> **TASK ITEM**: Beginning with the line that includes "活动当天,同学们拿到除草工具" and ending with the last line, print the records exactly, leaving every picture out.

□ □ □ □ □

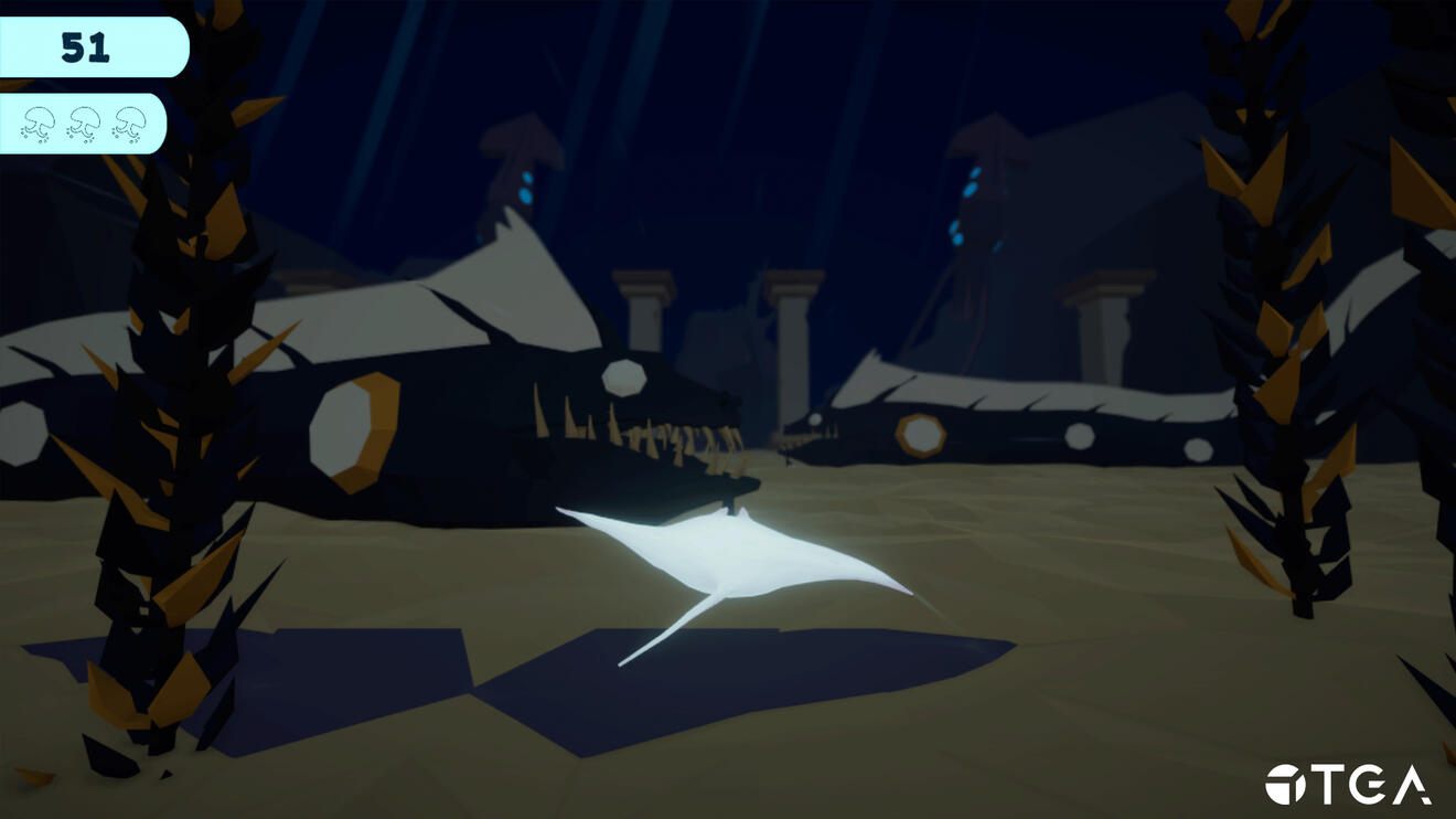 "A magical mantaray dash through dangers on it’s way home guided by the jellyfishes"
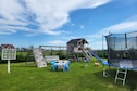 The property features a recreational area (table tennis, table football, darts). There's also a sports field (volleyball, basketball), an attractive playground, and a recreation area with a stocked pond (free fishing) and a bonfire area.
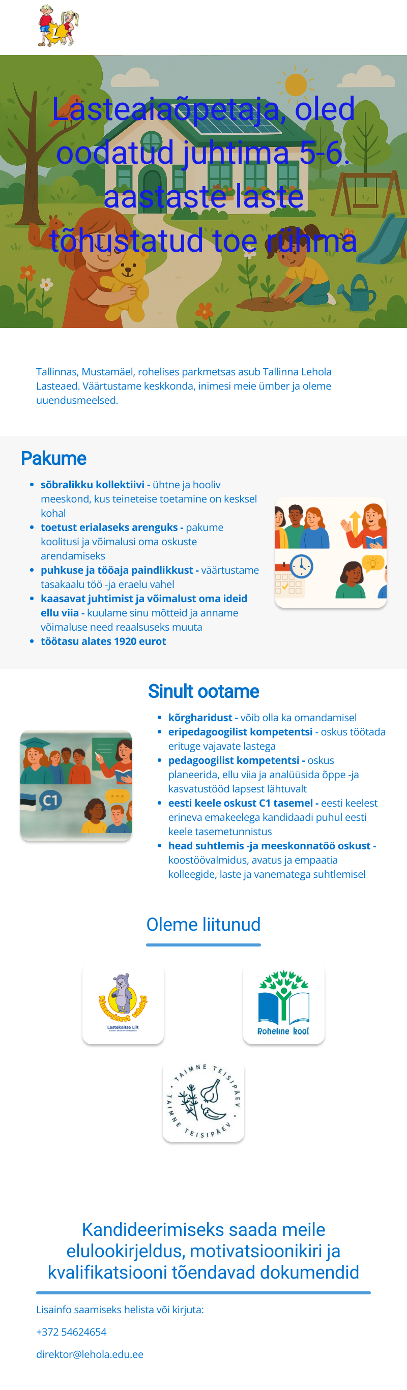 Tallinnas, Mustamäel, rohelises parkmetsas asub Tallinna Lehola Lasteaed. Väärtustame keskkonda, inimesi meie ümber ja oleme uuendusmeelsed.
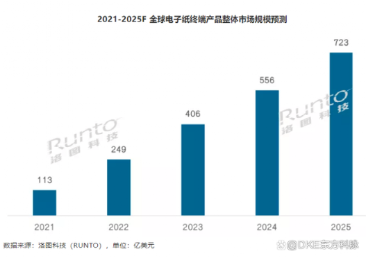 根據(jù)洛圖科技(RUNTO)發(fā)布的《全球電子紙市場(chǎng)分析季度報(bào)告(Global ePaper Market Analysis Quarterly Report)》,2021年,全球電子紙模組出貨量為2.1億片,相比2020年增長(zhǎng)29.1%,2022年將翻倍至4.07億片;2021年終端產(chǎn)品市場(chǎng)規(guī)模為113億美元,相比2020年增長(zhǎng)超過(guò)32.9%,到2025年預(yù)計(jì)能達(dá)到723億美元,五年復(fù)合增長(zhǎng)率高達(dá)59%,電子紙有望駛?cè)朐鲩L(zhǎng)“快車道”。
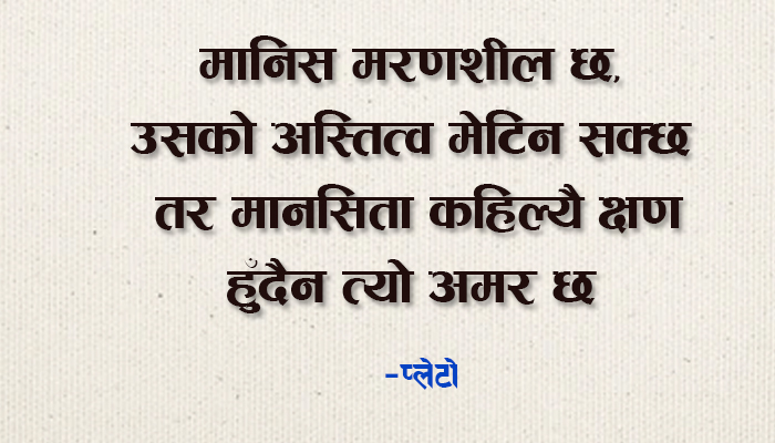 मानिस मरणशील छ, उसको अस्तित्व मेटिन सक्छ तर मानसिता कहिल्यै क्षण हुँदैन त्यो अमर छ । – प्लेटो
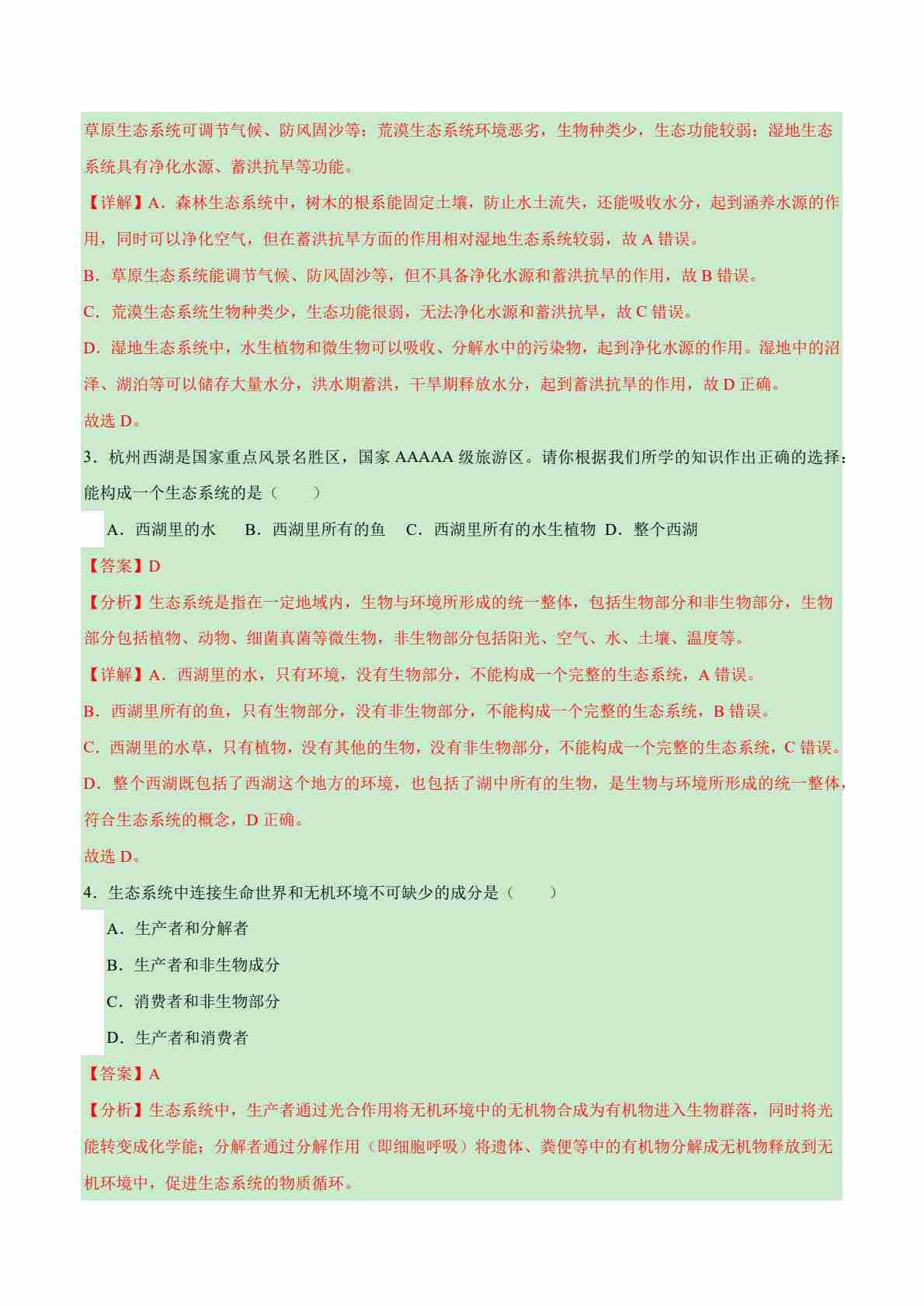 首页 > 全部 > 期中专项 > 【期中专题训练】第三章 生物系统和生物圈(考题猜想50题)(解析版)
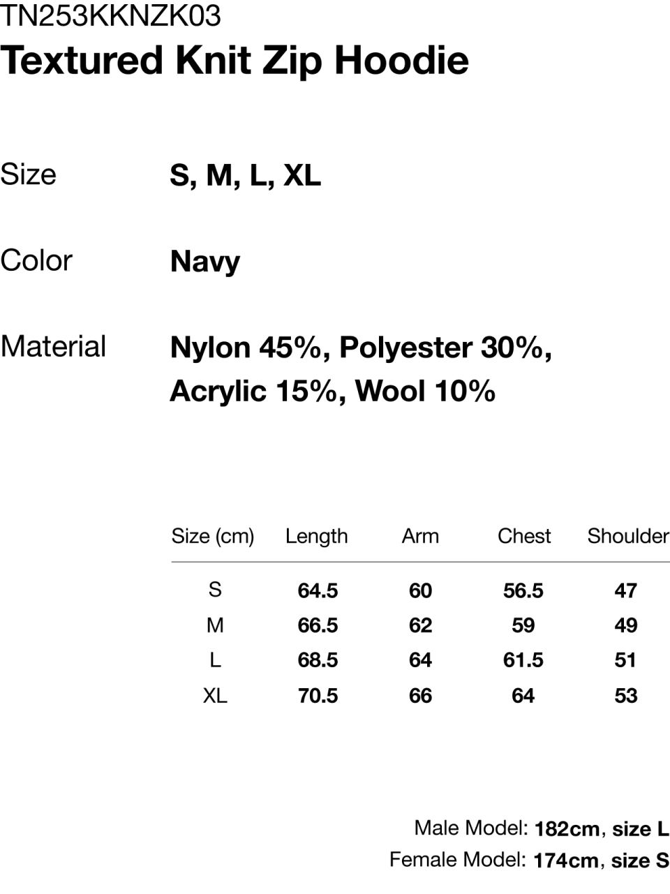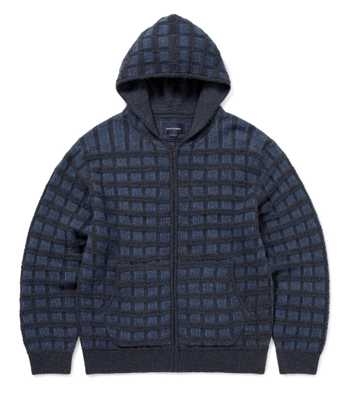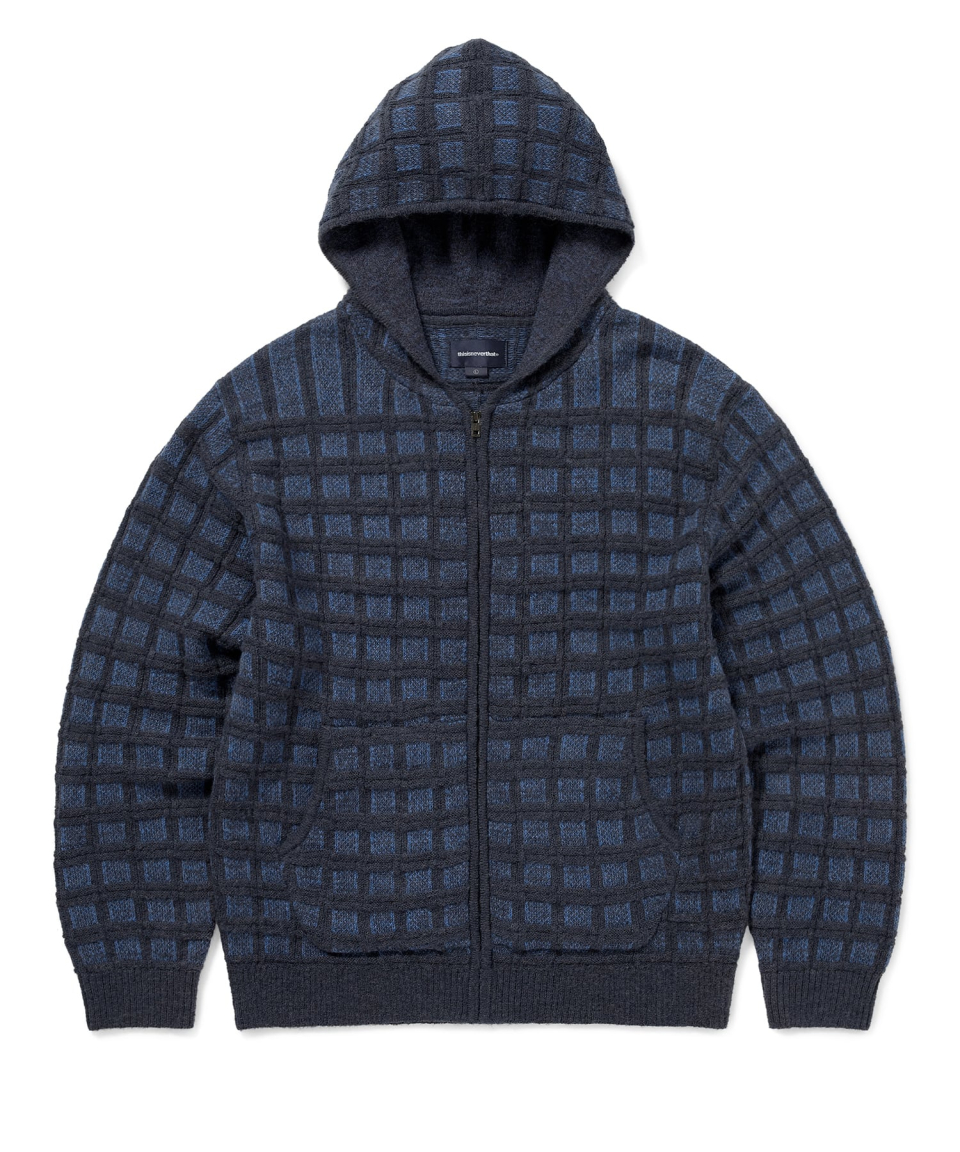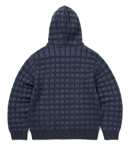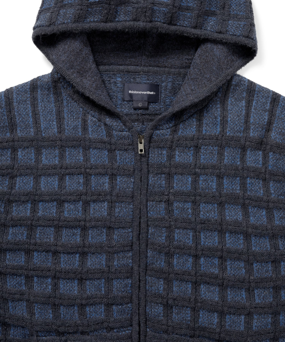 Textured Knit Zip Hoodie Navy
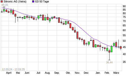 Mit dem Rücksetzer auf 44,10 EUR hat die Siltronic-Aktie am 11.03.2025 die 50-Tage-Linie nach unten gekreuzt.
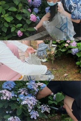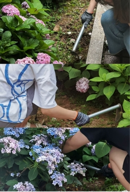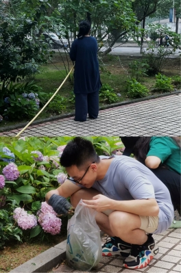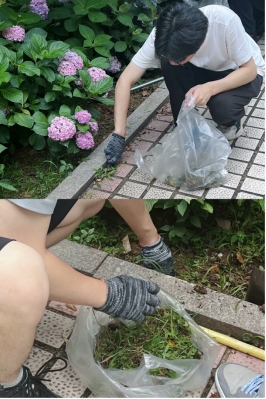 活动当天,同学们拿到除草工具和手套后,按照区域分工分组在A、B实验楼之间的绣球花园开始除草。大家撸起袖子、弯下身,分工合作、埋头苦干,在忙碌中体会着劳动的快乐,经过全体人员的努力,杂草尽除,花园重新焕发出生机与活力。
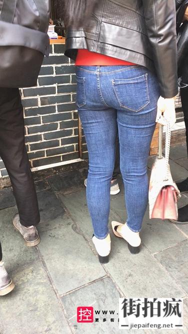 [牛仔裤] 街拍蓝色紧身牛仔裤翘臀美眉[353M/MOV]

□ □ □ □ □

> **ANSWER SECTION**:
 活动当天,同学们拿到除草工具和手套后,按照区域分工分组在A、B实验楼之间的绣球花园开始除草。大家撸起袖子、弯下身,分工合作、埋头苦干,在忙碌中体会着劳动的快乐,经过全体人员的努力,杂草尽除,花园重新焕发出生机与活力。
 [牛仔裤] 街拍蓝色紧身牛仔裤翘臀美眉[353M/MOV]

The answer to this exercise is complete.